My Thesaurus is lacking, I confess. Granted, my copy dates from the early 70’s which probably explains itself. Language and the metamorphic elevation (or devaluation for some) of it has me quandarying somewhat. I’m looking for an intuitive alternative to the word Thankfulness and what I am finding is a definite slide into Obligation. Oh no. Definitely not that shit. I want to be wildly thankful. I don’t need a landing. I just want to send my gratitude out into the sky like a lift of birds, a whorl of butterflies because someone, somewhere, tilling their rice fields in a country I will never visit, might just sense something in the air, and smile for no reason.

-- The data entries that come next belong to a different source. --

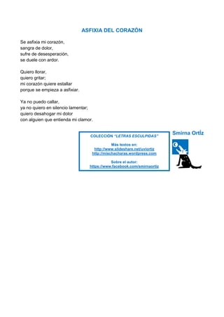 El texto expresa un profundo dolor emocional y la sensación de asfixia del corazón, deseando liberar sus sentimientos a alguien que comprenda su sufrimiento. La autora, Smirna Ortíz, invita a desahogar el dolor en lugar de guardarlo en silencio. Se menciona que forma parte de la colección 'letras esculpidas' y se proporcionan enlaces para más textos y sobre el autor.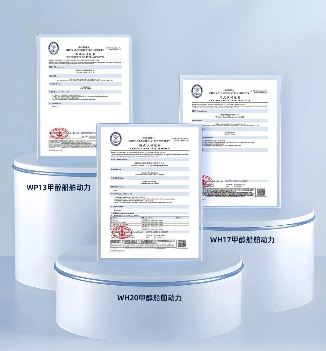 WP13 methanol ship power has completed 2500 hours of degradation test and obtained type approval certificate and emission certificate. WH17 methanol ship power has obtained the first China II emission certificate in China, WH20 methanol ship power has obtained the first diesel micro injection ignition in China, and single methanol fuel engine type approval certificate and emission certificate.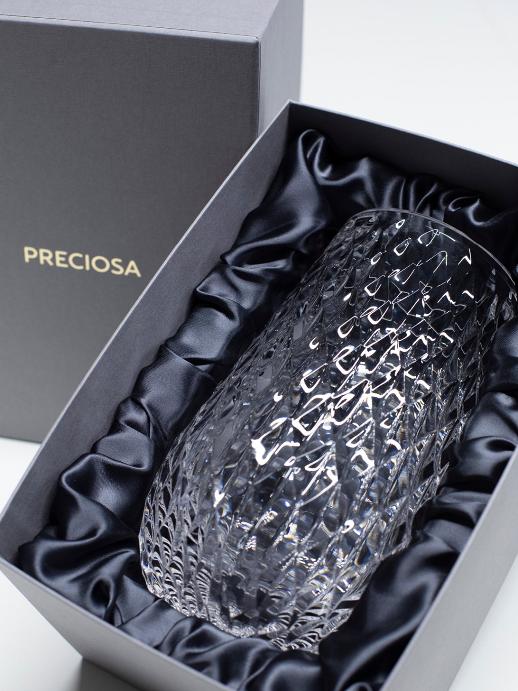 Dekorativní a praktická křišťálová váza s broušeným leštěným vzorem Spitstein je unikátem z dílny Preciosa. Váza měří přes 20 cm a dokonale ozdobí jak moderní, tak klasické interiéry.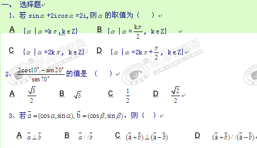 世纪金榜2011年高考数学原创预测题:专题二 三角函数、三角变换、解三角形、平面向量、复数(新课标理)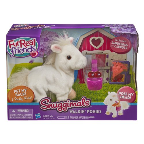-. Binding : Toy -. Brand : Fur Real Friends -. Department : baby-girls -. EAN : 0658107644612 -. Feature : Cuddly and super cute walking pony figure / She really walks when you press her back / Put her saddlebag on / Comes with a "carrots" treat / Pony figure comes with carrots and saddlebag accessories -. IsAdultProduct : 0 -. Label : Hasbro -. Manufacturer : Hasbro -. Model : A5047 -. MPN : A5047 -. PackageQuantity : 1 -. PartNumber : A5047 -. ProductGroup : Toy -. ProductTypeName : TOYS_AND_GAMES -. Publisher : Hasbro -. Studio : Hasbro -. Title : FurReal Friends Snimals Walkin' Ponies Crystal Storm Pet -. UPC : 653569872450 -. Warranty : No Warranty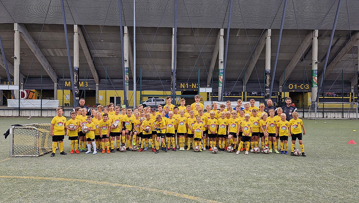 Für die Profis rollt der Ball erst am Samstag, doch von Montag, dem 31. Juli, bis Freitag, dem 4. August, sind rund 60 Kinder auf dem Kunstrasenplatz hinter dem Rudolf-Harbig-Stadion in Bewegung. 9 Uhr beginnt täglich das Training, mit wechselnden Schwerpunkten: mal Koordination, mal Torschüsse, mal Defensivverhalten. Zwischendurch gibt es ein gemeinsames Mittagessen, bevor am Nachmittag die nächste Einheit ansteht und die Eltern 16 Uhr ihren erschöpften und glücklichen Nachwuchs wieder mit nach Hause nehmen können. Essen und Getränke sowie Ausrüstung sind für alle Teilnehmerinnen und Teilnehmer im Angebot enthalten.

Looking through old writings today, I found something. 2016. On to today. I had gone to a conjoined church service, sort of mid island, a good 90 minutes drive away, but the journey was fun, the low sun a complete block at times, spectacular but definitely a sudden stop as the road disappeared completely. We met in a village hall. We do this, we islanders, grabbing a venue for all sorts of things. The roads windy, the window views endless hills and what some may see as a lonely nothing, but there is way more than nothing out there, if you have eyes to see. All I felt, in the lulls of conversation, was thankfulness, and I live here. This is my beloved home and more, every single moment I learn something new, or anew, which is somehow better. The theme of the service touched me. What do you long for? Do you judge yourself harshly? Is that in your way? I may have got the wording wrong, but those questions almost cried me.

This is what I found, written June 2016. I know it was smack in the guts of dementia care, but I recollect nothing more. Here goes…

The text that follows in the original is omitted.